◆ **Required action**:
Exact copy, no pictures: reproduce every record below as it stands.

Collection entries
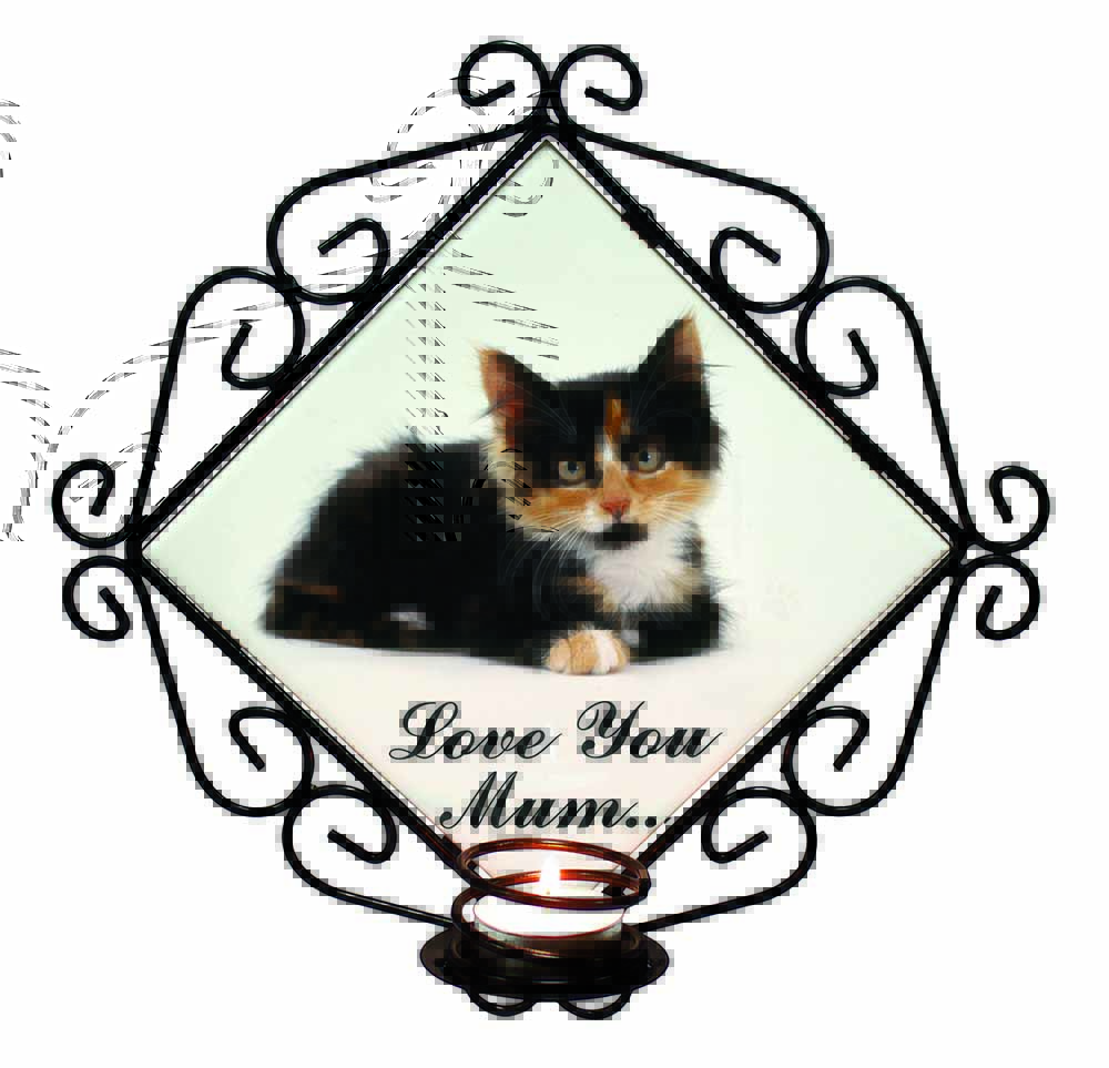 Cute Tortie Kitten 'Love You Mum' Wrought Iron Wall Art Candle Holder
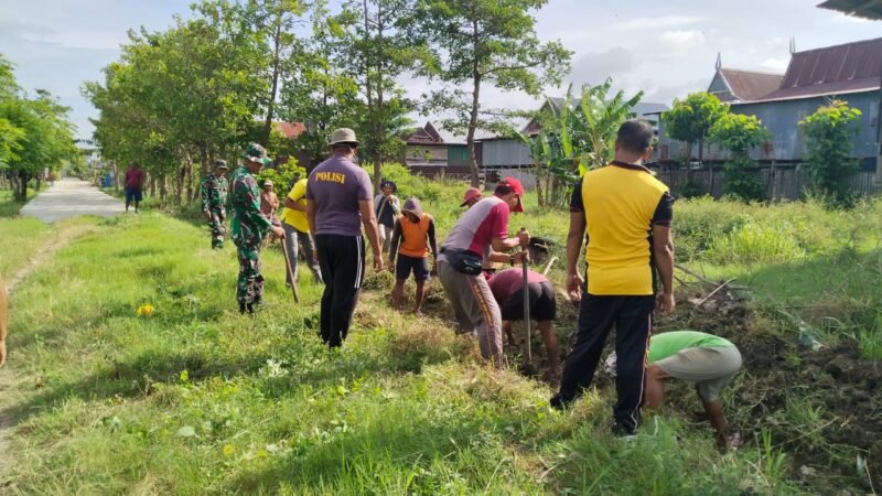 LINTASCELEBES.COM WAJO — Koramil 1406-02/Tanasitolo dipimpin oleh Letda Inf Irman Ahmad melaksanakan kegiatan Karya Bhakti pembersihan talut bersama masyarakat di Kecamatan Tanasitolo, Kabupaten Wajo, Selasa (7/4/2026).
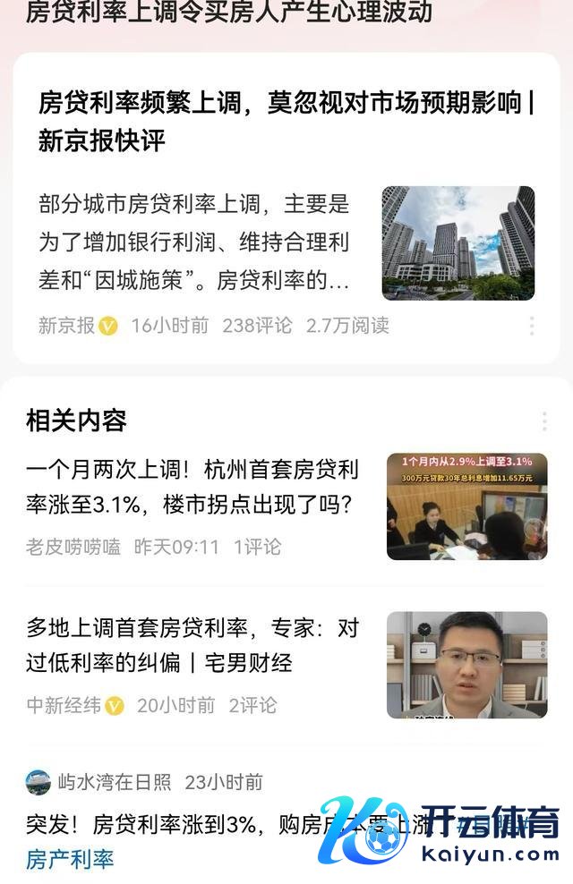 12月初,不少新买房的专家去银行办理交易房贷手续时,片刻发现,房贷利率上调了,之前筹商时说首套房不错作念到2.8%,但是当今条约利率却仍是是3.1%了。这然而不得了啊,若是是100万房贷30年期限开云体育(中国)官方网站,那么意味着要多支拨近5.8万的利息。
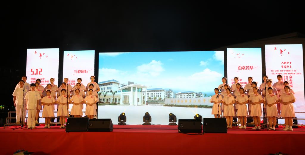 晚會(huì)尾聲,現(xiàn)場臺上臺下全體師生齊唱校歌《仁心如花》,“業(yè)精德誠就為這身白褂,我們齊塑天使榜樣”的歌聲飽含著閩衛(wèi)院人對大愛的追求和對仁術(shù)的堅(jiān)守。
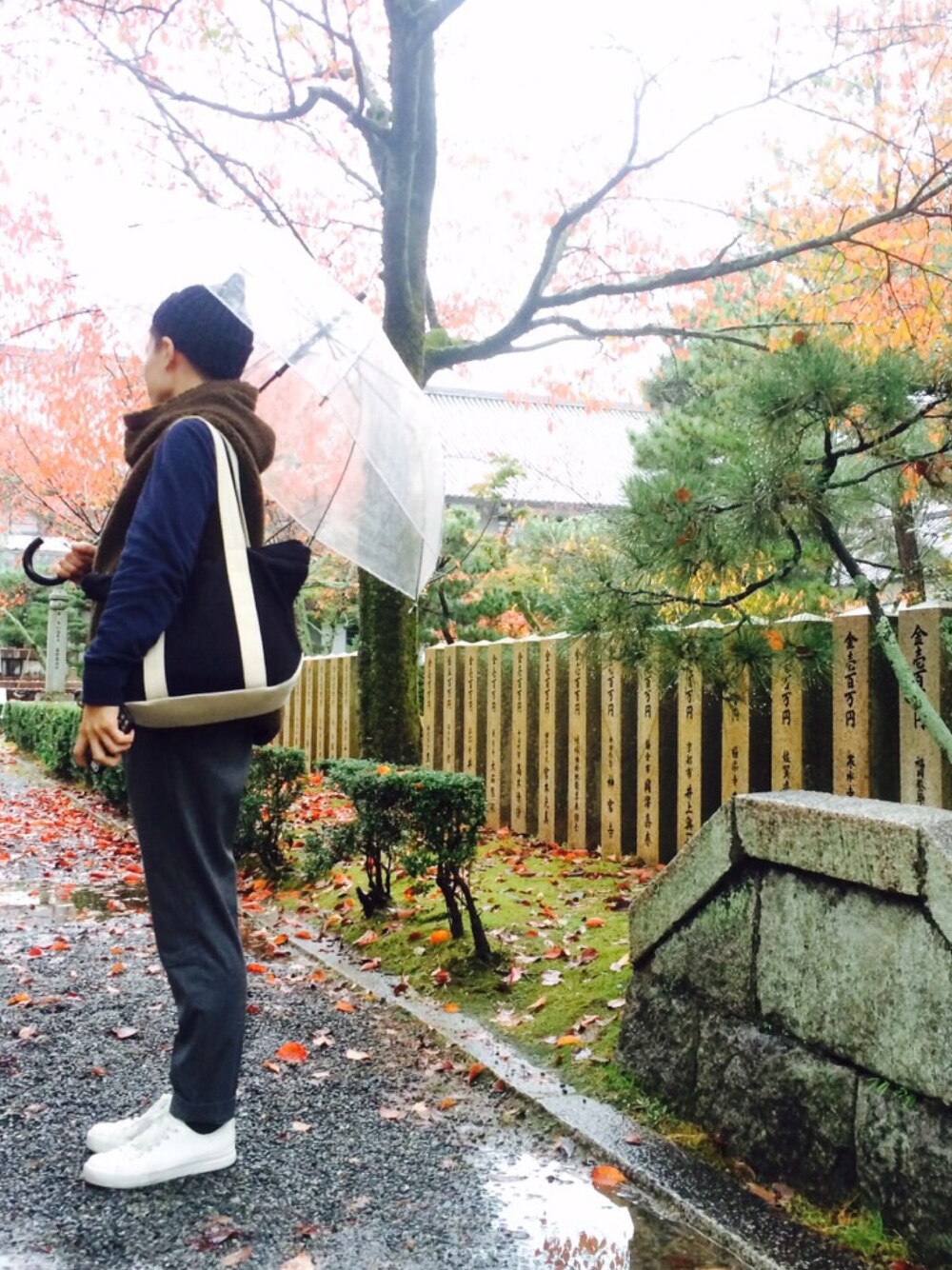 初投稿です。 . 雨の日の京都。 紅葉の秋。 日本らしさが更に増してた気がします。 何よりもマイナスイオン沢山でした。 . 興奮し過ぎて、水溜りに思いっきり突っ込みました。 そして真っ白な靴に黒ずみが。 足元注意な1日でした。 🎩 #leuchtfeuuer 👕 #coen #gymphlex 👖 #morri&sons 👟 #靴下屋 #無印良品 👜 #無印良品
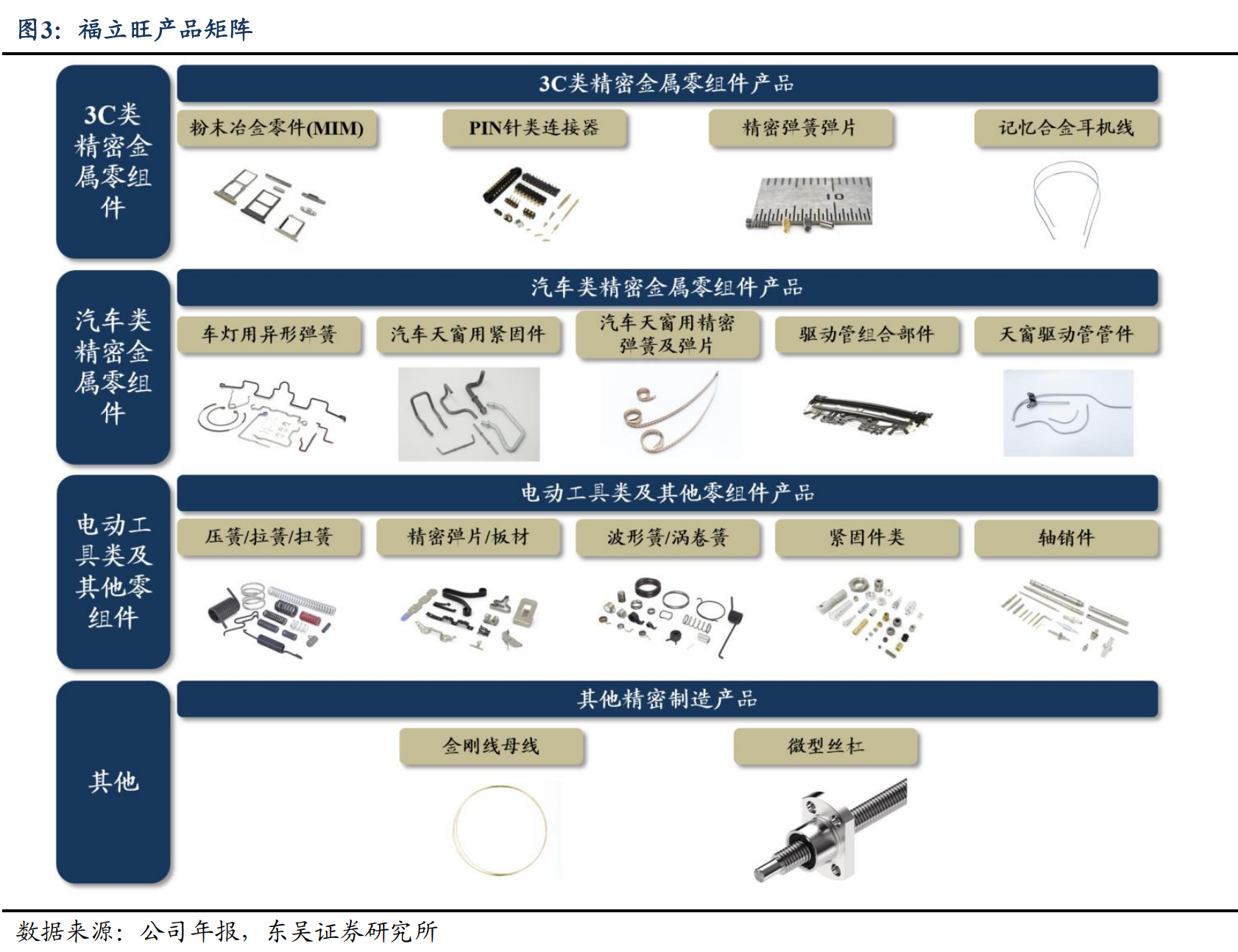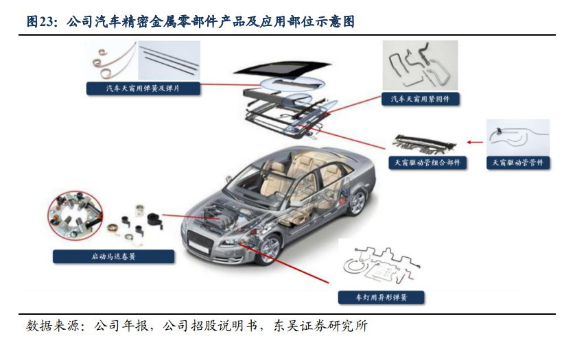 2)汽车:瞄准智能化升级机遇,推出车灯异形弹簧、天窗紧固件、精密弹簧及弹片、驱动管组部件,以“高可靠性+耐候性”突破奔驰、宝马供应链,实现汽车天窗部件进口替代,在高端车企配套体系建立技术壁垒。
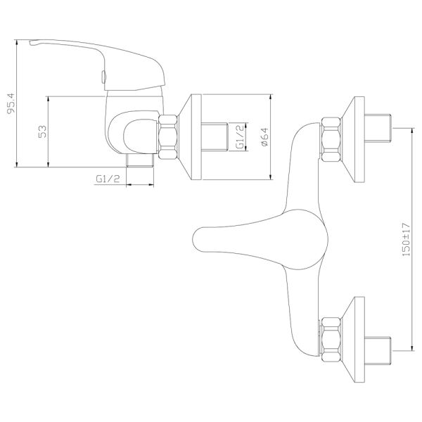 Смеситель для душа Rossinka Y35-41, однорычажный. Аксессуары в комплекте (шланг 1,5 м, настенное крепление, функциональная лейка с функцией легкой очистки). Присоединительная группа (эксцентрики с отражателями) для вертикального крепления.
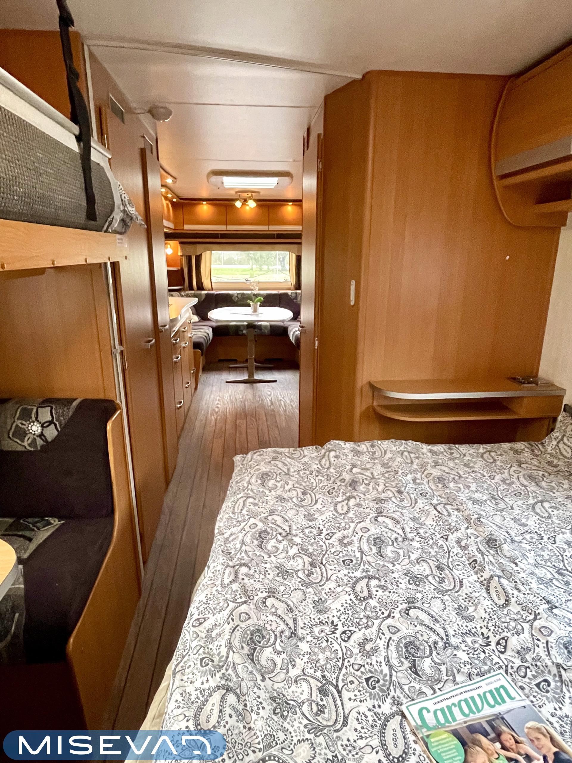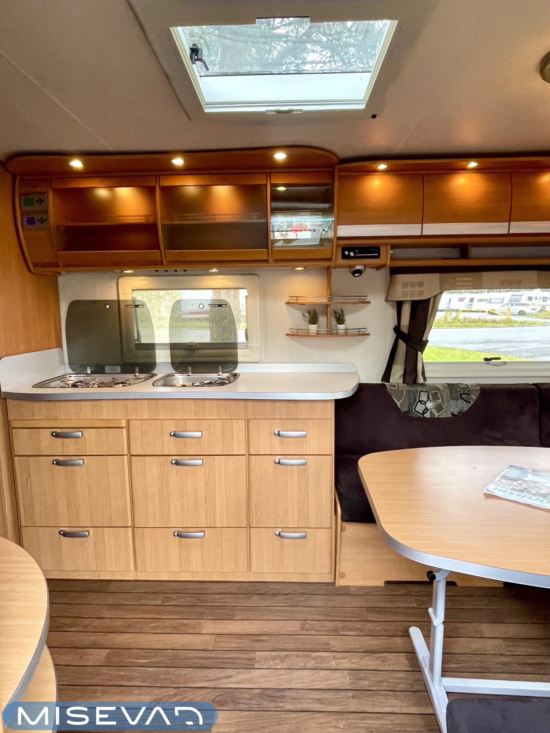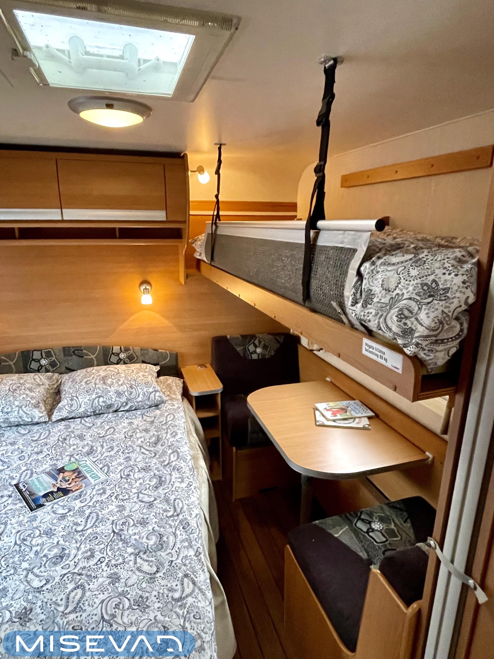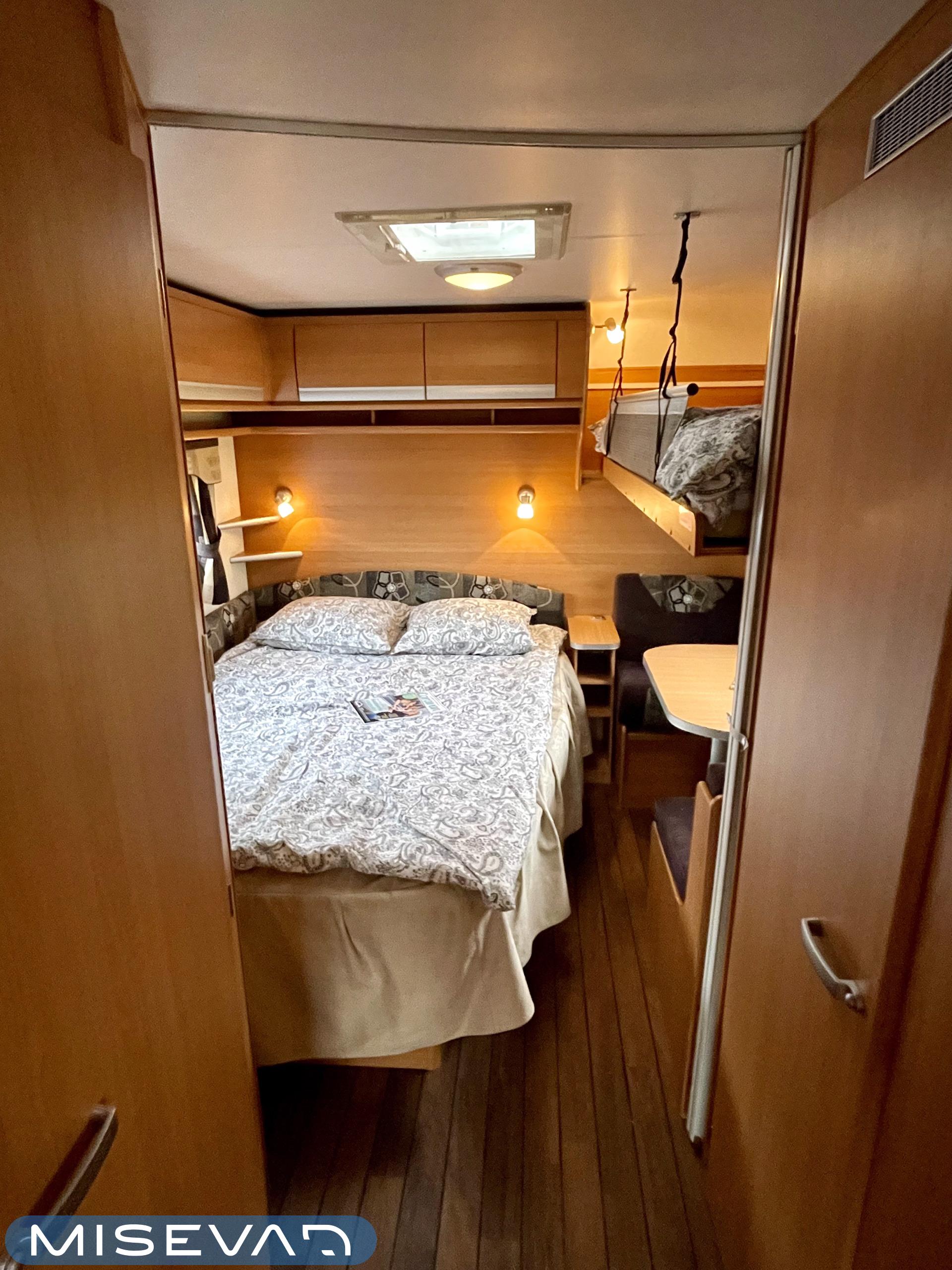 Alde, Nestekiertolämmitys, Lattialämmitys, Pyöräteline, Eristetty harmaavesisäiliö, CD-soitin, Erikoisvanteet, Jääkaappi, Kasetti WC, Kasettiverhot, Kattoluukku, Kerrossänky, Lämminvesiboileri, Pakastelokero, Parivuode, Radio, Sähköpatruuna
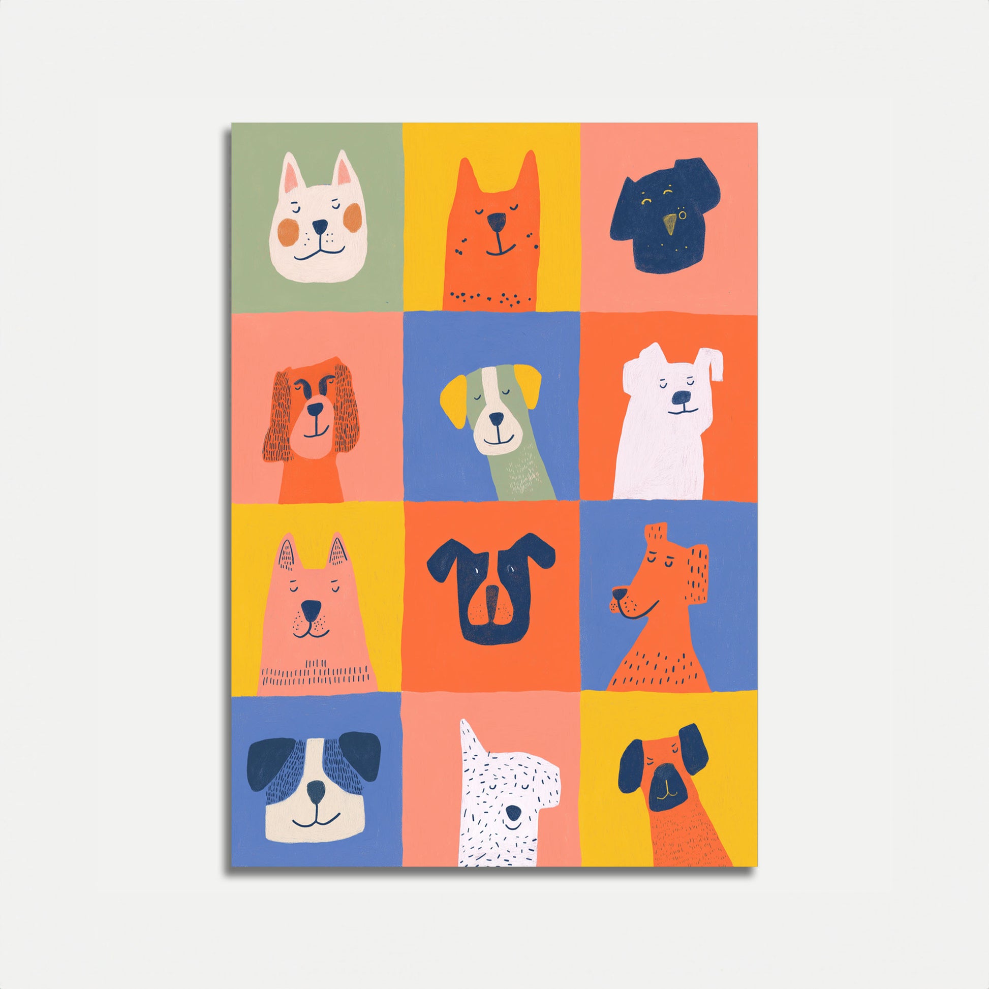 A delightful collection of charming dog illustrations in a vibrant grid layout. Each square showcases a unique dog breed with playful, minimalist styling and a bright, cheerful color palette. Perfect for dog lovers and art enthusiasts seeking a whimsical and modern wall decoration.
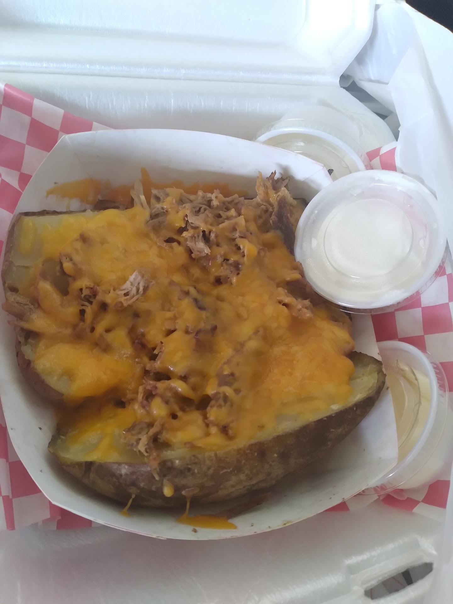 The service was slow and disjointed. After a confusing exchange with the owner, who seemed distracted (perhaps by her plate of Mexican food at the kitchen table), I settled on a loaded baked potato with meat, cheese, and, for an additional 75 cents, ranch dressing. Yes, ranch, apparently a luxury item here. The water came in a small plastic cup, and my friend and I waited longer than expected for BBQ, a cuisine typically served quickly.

◆ **Written response**:
 Cute Tortie Kitten 'Love You Mum' Wrought Iron Wall Art Candle Holder
 LINTASCELEBES.COM WAJO — Koramil 1406-02/Tanasitolo dipimpin oleh Letda Inf Irman Ahmad melaksanakan kegiatan Karya Bhakti pembersihan talut bersama masyarakat di Kecamatan Tanasitolo, Kabupaten Wajo, Selasa (7/4/2026).
 12月初,不少新买房的专家去银行办理交易房贷手续时,片刻发现,房贷利率上调了,之前筹商时说首套房不错作念到2.8%,但是当今条约利率却仍是是3.1%了。这然而不得了啊,若是是100万房贷30年期限开云体育(中国)官方网站,那么意味着要多支拨近5.8万的利息。
 晚會(huì)尾聲,現(xiàn)場臺上臺下全體師生齊唱校歌《仁心如花》,“業(yè)精德誠就為這身白褂,我們齊塑天使榜樣”的歌聲飽含著閩衛(wèi)院人對大愛的追求和對仁術(shù)的堅(jiān)守。
 初投稿です。 . 雨の日の京都。 紅葉の秋。 日本らしさが更に増してた気がします。 何よりもマイナスイオン沢山でした。 . 興奮し過ぎて、水溜りに思いっきり突っ込みました。 そして真っ白な靴に黒ずみが。 足元注意な1日でした。 🎩 #leuchtfeuuer 👕 #coen #gymphlex 👖 #morri&sons 👟 #靴下屋 #無印良品 👜 #無印良品
 2)汽车:瞄准智能化升级机遇,推出车灯异形弹簧、天窗紧固件、精密弹簧及弹片、驱动管组部件,以“高可靠性+耐候性”突破奔驰、宝马供应链,实现汽车天窗部件进口替代,在高端车企配套体系建立技术壁垒。
 Смеситель для душа Rossinka Y35-41, однорычажный. Аксессуары в комплекте (шланг 1,5 м, настенное крепление, функциональная лейка с функцией легкой очистки). Присоединительная группа (эксцентрики с отражателями) для вертикального крепления.
 Alde, Nestekiertolämmitys, Lattialämmitys, Pyöräteline, Eristetty harmaavesisäiliö, CD-soitin, Erikoisvanteet, Jääkaappi, Kasetti WC, Kasettiverhot, Kattoluukku, Kerrossänky, Lämminvesiboileri, Pakastelokero, Parivuode, Radio, Sähköpatruuna
 A delightful collection of charming dog illustrations in a vibrant grid layout. Each square showcases a unique dog breed with playful, minimalist styling and a bright, cheerful color palette. Perfect for dog lovers and art enthusiasts seeking a whimsical and modern wall decoration.
 The service was slow and disjointed. After a confusing exchange with the owner, who seemed distracted (perhaps by her plate of Mexican food at the kitchen table), I settled on a loaded baked potato with meat, cheese, and, for an additional 75 cents, ranch dressing. Yes, ranch, apparently a luxury item here. The water came in a small plastic cup, and my friend and I waited longer than expected for BBQ, a cuisine typically served quickly.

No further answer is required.